Performance Optimization
When extracting metadata from multiple pages, consider implementing concurrent processing:
require 'concurrent'
class BatchMetadataExtractor
def self.extract_from_urls(urls, max_threads: 5)
pool = Concurrent::ThreadPoolExecutor.new(
min_threads: 1,
max_threads: max_threads
)
futures = urls.map do |url|
Concurrent::Future.execute(executor: pool) do
extractor = RobustMetadataExtractor.new(url)
{ url: url, metadata: extractor.extract_all_metadata }
rescue StandardError => e
{ url: url, error: e.message }
end
end
results = futures.map(&:value)
pool.shutdown
pool.wait_for_termination
results
end
end
# Usage
urls = ['https://example1.com', 'https://example2.com', 'https://example3.com']
results = BatchMetadataExtractor.extract_from_urls(urls)
Conclusion
Ruby's Nokogiri library provides a powerful and flexible way to extract metadata from web pages. Whether you need basic meta tags, social media metadata, or structured data, the techniques shown in this guide will help you build robust metadata extraction tools.
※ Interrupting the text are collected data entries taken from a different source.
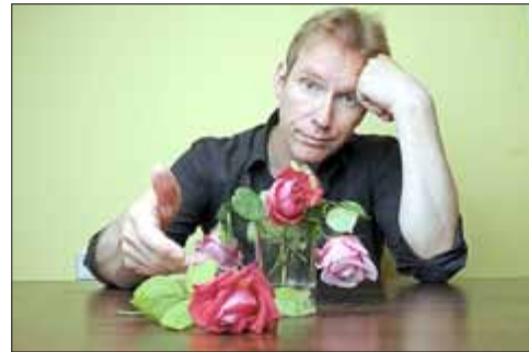
Vollmer Männer verduften

Karten für diesen Abend erhalten Sie an der Museumskasse oder telefonisch unter 034671/62086 und museum@bad-frankenhausen.de (VVK 15,00 € / Abendkasse 16,00 €)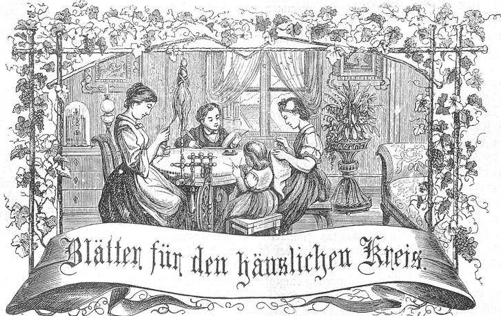
Motto: Immer freie zum Ganzen, und kannst du selber kein Ganzes werden, als dienendes Glied schliesst an ein Ganzes dich an!

Abonnement: Bei Franto-Zustellung per Post: Jährlich . . . . . Fr. 6. — Halbjährlich . . . . . „ 3. — Anstand franto per Jahr „ 8. 30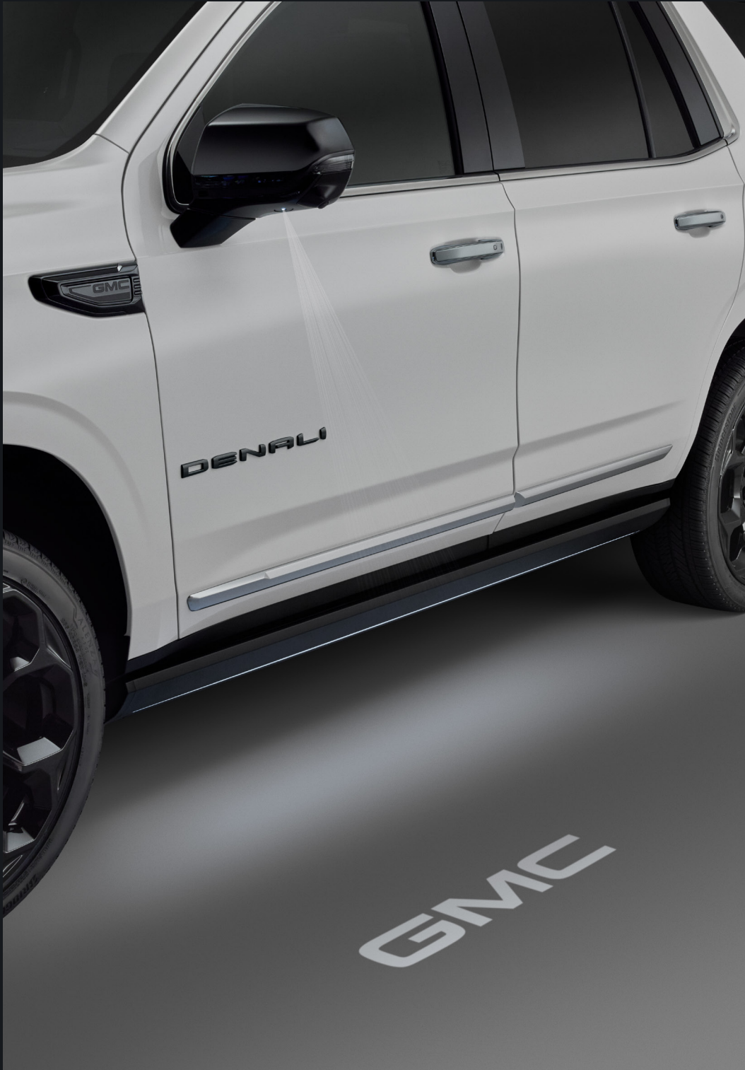
PROYECTOR DE LOGO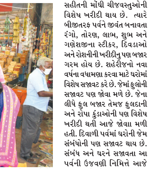
વિશિષ્ટ પ્રકારનું સુશોભન કરે છે. રોશનીની ઝાકમઝાળ વચ્ચે રંગોળી અને દિવડાઓની હારમાળાથી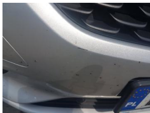
Fot. 28 Zderzak (Rysa/Odprysk 1)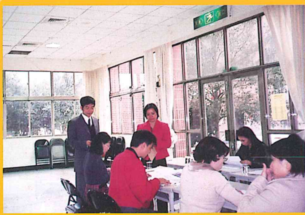
假平鎮市婦幼活動中心一樓舉辦第七屆會員 代表選舉開票作業92/12/10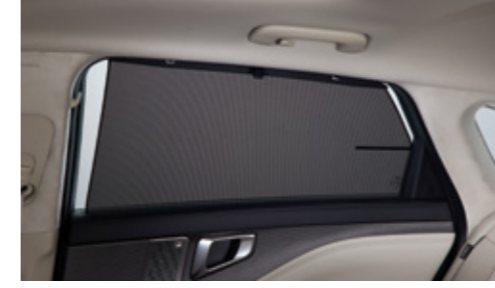
뒷좌석 측면 수동 섀커튼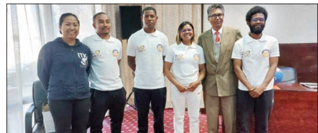
« Forum National Mini-basket ».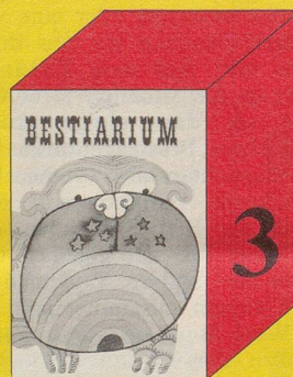
Jüsp Bestiarium 72 Seiten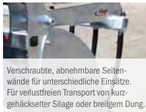
Verschraubte, abnehmbare Seitenwände für unterschiedliche Einsätze. Für verlustfreien Transport von kurzgehäckselter Silage oder breiigem Dung.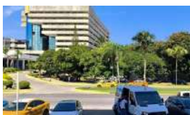
MELIÁ, PREOCUPADA POR LA HELMS-BURTON

Remember to handle errors gracefully, respect website rate limits, and consider the legal implications of web scraping.
For websites with complex JavaScript-rendered content, you might need to combine these Ruby techniques with browser automation tools to ensure you're capturing all available metadata. This comprehensive approach will serve you well for SEO analysis, content aggregation, and web scraping projects.